Volker Schäferbarthold is a member of the Rotary Club of Minden in Germany, and is a frequent visitor to PV Sunset Rotary Club due to his international business activities in San Pedro. He was born in 1937 in Germany and experienced Nazi rule during his early childhood.

Hitler came to power in 1933 during the great worldwide Depression, which was worse in Germany because it was still required to pay reparations to the Allies after its loss in World War I. With 6 million Germans out of work and increasing hopelessness, and with the 2 major political parties unable to turn the economy around, Hitler promised relief and his minority party was allowed to form a government. Then the Reichstag (Parliament building) “mysteriously” burned down, Hitler flew into a rage and blamed the Communists, and declared a state of emergency to rule by decree. With no parliamentary meeting place, he was now the absolute dictator.

In 1938, Hitler ordered the end of Jewish institutions and businesses, beginning with the Kristallnacht (night of broken windows, when Nazi thugs vandalized Jewish businesses who were blamed for Germany’s problems). This was the beginning of the Holocaust. There were no independent courts or freedom of speech or the press. In September 1939, Hitler began World War II by invading Poland with Nazi propaganda being the only news available.

Volker was born into a Christian family and went to church every Sunday. In school the children were required to greet their teacher with the right stiff-armed Nazi salute and saying “Heil Hitler”. Volker’s older brother and sister were in the Hitlerjugend (“Hitler Youth”) and in uniform. In 1944, a high-ranking German officer attempted to kill Hitler with a bomb at a meeting in his office, and the radio news urged everyone to pray for the life of their “beloved Führer”.

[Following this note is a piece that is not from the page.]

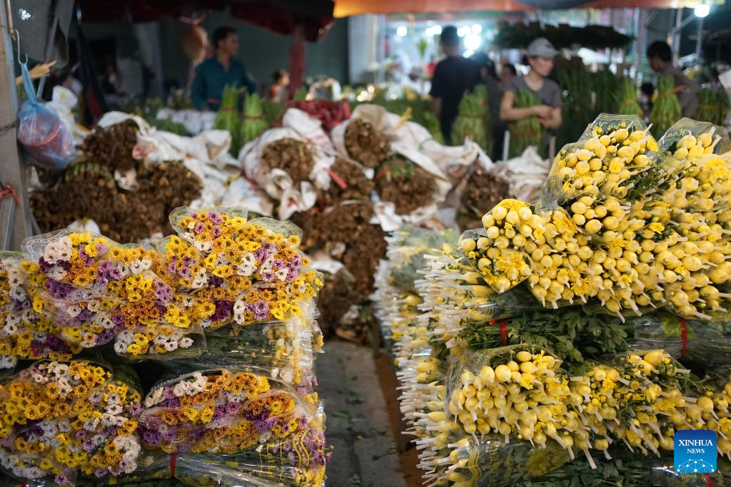 This photo taken on Aug. 15, 2024 shows flowers for sale at a wholesale market in Hanoi, Vietnam. (Xinhua/Hu Jiali)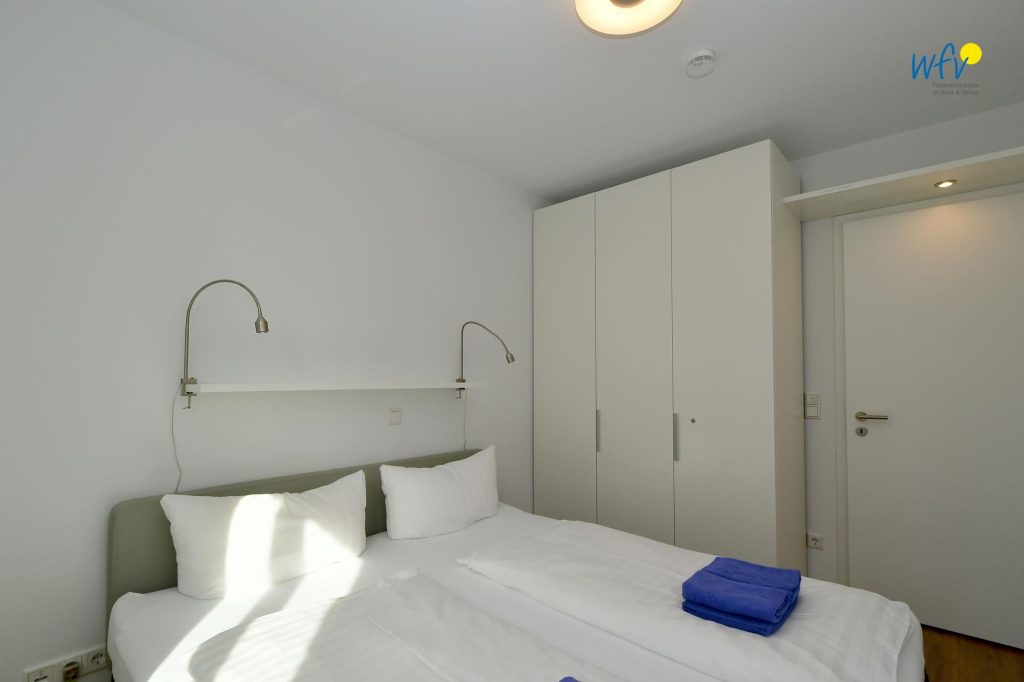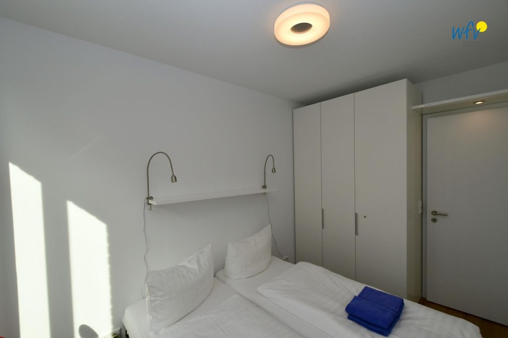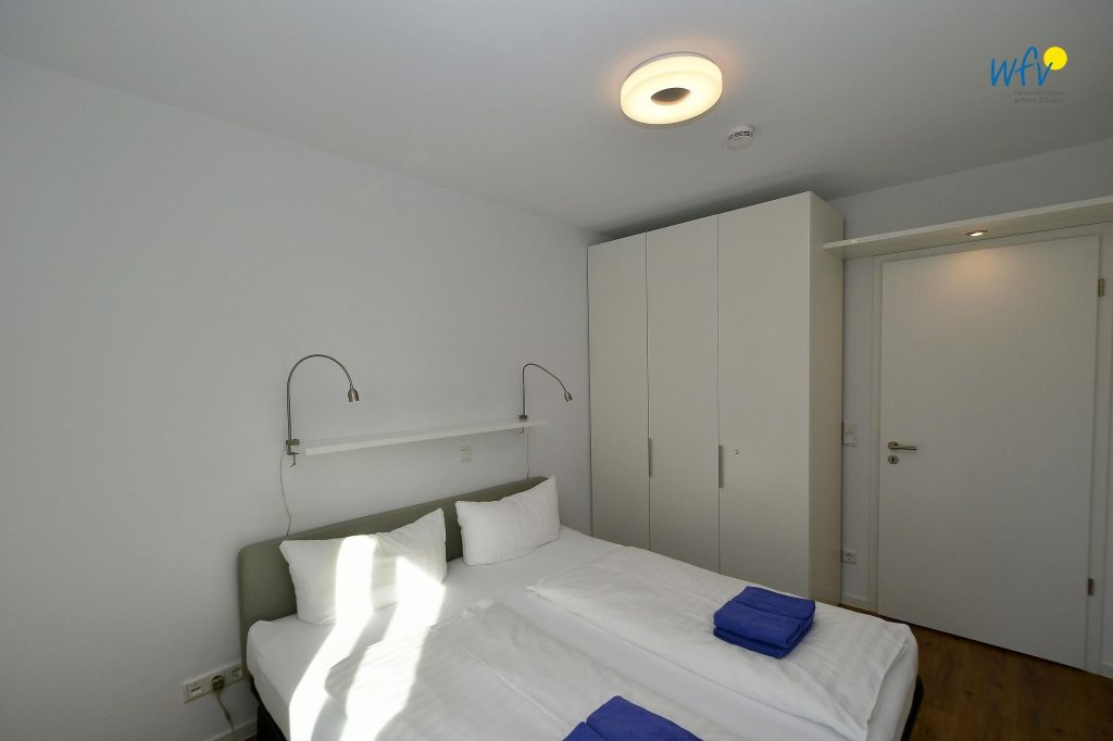 In einem der Schlafzimmer befindet sich ein Doppelbett, in dem anderen stehen zwei Einzelbetten (2x 90 x 200 cm; 2x 80 x 190 cm). Um die Ferienwohnung auch für Allergiker attraktiv zu halten, ist die Bettwäsche mit Synthetik gefüllt und die Böden sind mit PVC bzw. Holzimitat verlegt.

Nazi propaganda reported the bright side about “heroism” in the war, especially on the German defeat in the battle of Stalingrad in the Soviet Union. Volker’s father could not serve in the Army due to an old arm injury. Volker’s older brother on the Belgian Front watched a battle with a friend, who suddenly collapsed and died from a bullet; his brother vowed never to touch a weapon again. Air raids with systematic bombing of German cities became an almost daily experience with sirens and bomb explosions, endured in bomb shelters by a population of mostly elderly, women and children. Electric lights would go out in the shelters until after the raid, and were lit by candlelight.

When Volker later asked his mother about the Jews, she said, “Yes, they gradually disappeared, but nobody knew exactly what had happened to them.” When she finally learned the truth, she could not believe how misled and ignorant she had been. His parents had thought of their beloved country as the land of poets and philosophers (Gutenberg, Goethe and Beethoven).